I have mitigated the problem by using another router to protect my internal network.
Just to double-check, you’re trying to access http://192.168.1.1:8080/ via the Linux PC with an Ethernet cable, right? Or are you accessing over Wi-Fi?
Also, when you previously removed the other Router, was your Viasat Modem set to Bridge Mode?
Sorry, I don’t mean to be rude, but please read my previous post. If you don’t understand it, then please escalate it to someone who does. This is a serious problem with the modem and it needs to be resolved immediately.
I am pretty sure that the modem has been hacked. For example, my printer printed a GET request using curl. No one on my network has been using curl.**
THAT MEANS THAT SOMEONE IS PROBING MY NETWORK, LOOKING FOR A WAY TO HACK INTO IT.
**Curl is a command-line tool that allows people to download random data from computers on the internet.
As I said previously, normal DHCP service is not happening, and so the desktop computer that I would use for access the modem cannot access the admin web interface. I am effectively locked out.
I have no way of finding that out. All I did was plug one of the ports into the WAN port of the router. It is a Buffalo G300 WiFi router with 4 ports. I have been using it for years.

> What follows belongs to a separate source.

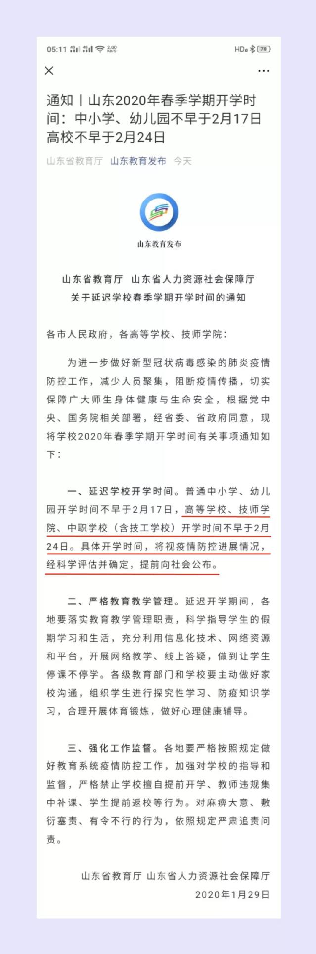 广大师生非常关注,迫切希望得到更具体的关于开学日期的信息。今天,我们得到的最新消息是:山东省高校春季开学日期不会早于2月24日。

Understood. I ask because I can see on your account that you have “Enhanced Wi-Fi” – that is, you either had or have currently a Viasat ARIA Router. Is that the one you’re connecting all the wires to, or the Viasat Modem itself?
The ARIA looks like this:
Your Viasat modem is currently set to Bridge Mode because of it.
Okay that device is connected and bridge mode makes sense.
This WiFi interface is plugged into the modem. Is it also true, then, that there is no longer a router functioning in the modem? The implication is that the CURL request was probably made by some system administrator out in the wild trying to figure out who is using their IP address allocations. Do you agree? Or did I miss something?
OK, then the Aria router is replacing the Viasat WiFi Modem’s routing capabilities – see if you can access 192.168.0.1 instead.
The login should be:
password: (the one you chose during the EasyConnect installation of Aria when it first arrived).
If in use, your wired devices need to be directly plugged into your Aria.
You’ll see that there is 1 GigE port for the connection to your Viasat Modem and a second GigE port on the back of the unit available for a wired device – in this case, the printer.